If this all looks good you can run the following

ml-toolkit run Ollama_Test_Container ollama run smollm2:135m

This will download a tiny 135 million parameter model and start an interactive chat session. Once you have finished your chat you can exit by typing /bye. From here you can explore larger models or other features of Ollama by following the official Ollama documentation .

I’m running on Bede¶

As previously mentioned getting things working on the GH100s via Bede requires a bit more work.

There are 3 main problems to overcome:

We can’t (or perhaps shouldn’t) run Ollama interactively.
We don’t have GPU access on the login node.
We don’t have internet access on the compute nodes.

Point 1 is easy enough to solve as we can inference the model via the python api. To do this create a new file called ollama_test_chat.py.

from ollama import chat
from ollama import ChatResponse

#model = 'gemma3:latest'
model = 'smollm2:135m'
response: ChatResponse = chat(model=model, messages=[
{
    'role': 'user',
    'content': 'What is the air-speed velocity of an unladen swallow?',
},
])

print(response.message.content)

This will interface with Ollama, ask it a very important question, then finally print the model’s response.

Now to address points two and three. In this case the order of operations is important.

On the login node¶

First we build the container as normal

ml-toolkit build Ollama_Test_Container

Next we start the Ollama server

ml-toolkit start Ollama_Test_Container

Now we need to run the Ollama pull command to download, but crucially not run our model. In this case we’ll use smollm2, a tiny model which is useful for testing.

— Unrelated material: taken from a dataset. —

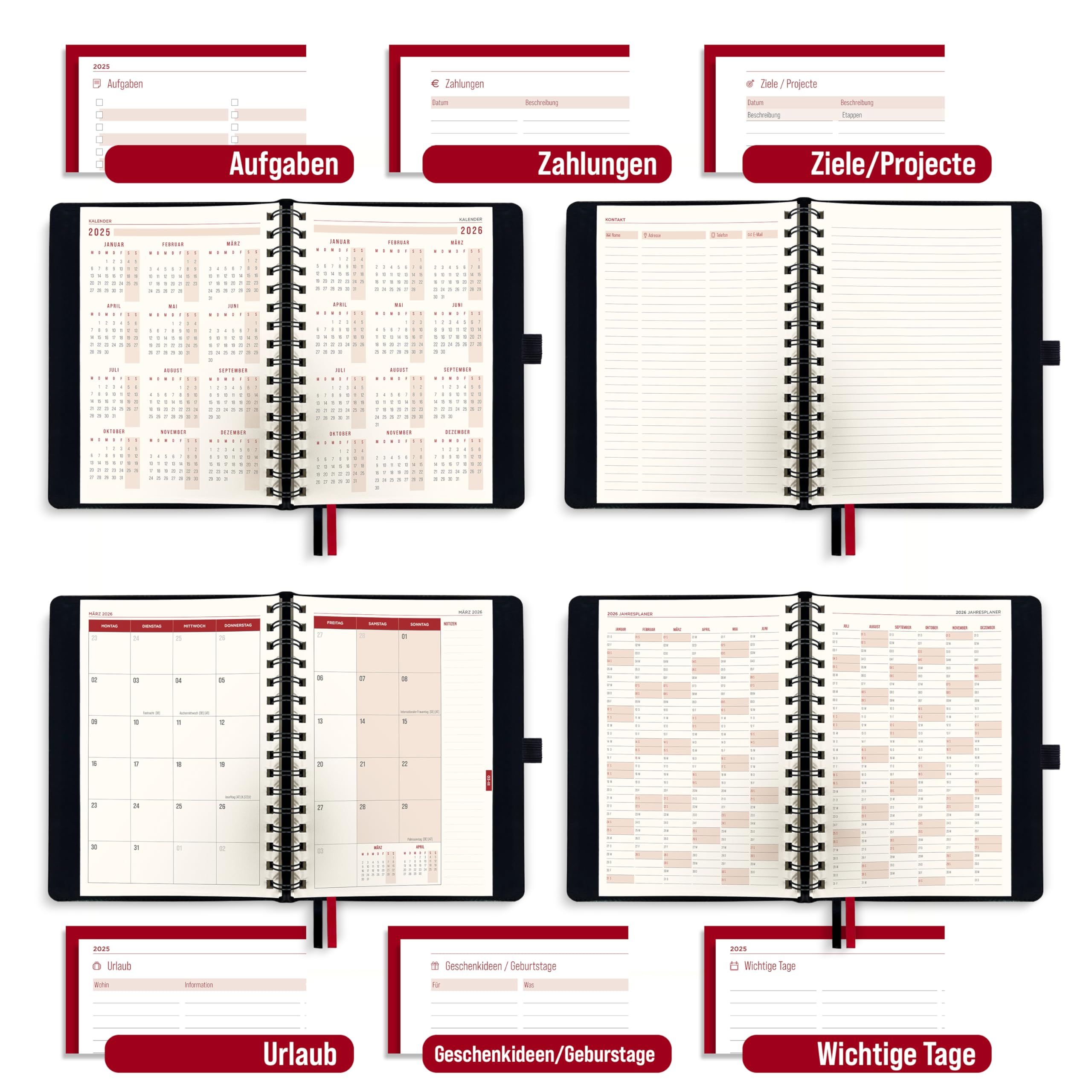 ★ 【Terminübersicht und Aufgabenverwaltung】14-Monate-Terminplaner 2025 2026 bietet eine optimale Lösung für Ihre langfristige Planung. Mit übersichtlichen Wochen- und Monatsansichten sowie Platz für Notizen, hilft er Ihnen, Ihre täglichen Aufgaben effizient zu organisieren. Es hat ein spezielles Design, in dem Sie Ihre Projekte, Schulden, besonderen Tage und Feiertage vor jedem Monat planen können. Hochwertiges Papier, 2 Bögen Aufkleber und eine robuste Ringbuch sorgen für Langlebigkeit.

ml-toolkit run Ollama_Test_Container ollama pull smollm2:135m

Finally we need to shut the server down

ml-toolkit stop Ollama_Test_Container

You will need to do this process for every model you wish to use. Thus we recommend automating it with a bash script by copying the following into a file called download_models.sh

#!/bin/bash
#  start the Ollama server.
ml-toolkit start Ollama_Test_Container
# download the model
ml-toolkit run Ollama_Test_Container ollama pull $1
# stop the sever
ml-toolkit stop Ollama_Test_Container

Then to convert the file into a runnable script run the following command

chmod +x download_models.sh

Anytime you want a new model you can then run the script as:

./download_models.sh model_name:tag

Where model_name is the model you want and tag is the specific version. For example to download the latest version of gemma3 you would use:

./download_models.sh gemma3:latest

On the compute node¶

With that out of the way we can now finally get to running on the compute nodes. To do this we will need to create a Slurm script. To do this create the file ollama_test.sh and enter the the following text.

#!/bin/bash
# Example SLURM script for testing Ollama on Bede
# with the ml-toolkit
##########################################
#SBATCH --account CHANGE_ME              # charge job to specified account
#SBATCH --cpus-per-task 1                # number of cpus required per task
#SBATCH --job-name ollama_test           # name of job
#SBATCH --ntasks 1                       # number of processes required
#SBATCH -o ollama_test.out               # File to redirect program output
#SBATCH -e ollama_test.err               # File to redirect any errors
#SBATCH --time 10                        # time limit (in mins)
#SBATCH --partition ghtest               # Choose either gh or ghtest
#SBATCH --gres gpu:1                     # Number of GPUs required for the job
##########################################
# source the python virtual environment
source ml-toolkit/bin/activate
#  start the Ollama server.
ml-toolkit start Ollama_Test_Container
# inference the model via python script
ml-toolkit run Ollama_Test_Container python ollama_test_chat.py
# stop the sever
ml-toolkit stop Ollama_Test_Container

This is an example script that allocates 1 cpu and 1 gpu for 10 minutes. It then starts the Ollama server, runs the python script to inference the model then finally, stops the server.

Note: It will need updating with your account name.

Then you can, finally, submit your job to the compute nodes with

sbatch ollama_test.sh

Once the has job has made it through the queue and been completed by the compute node, all being well, you should see a new file ollama_test.out. This contains the response to your query from Ollama.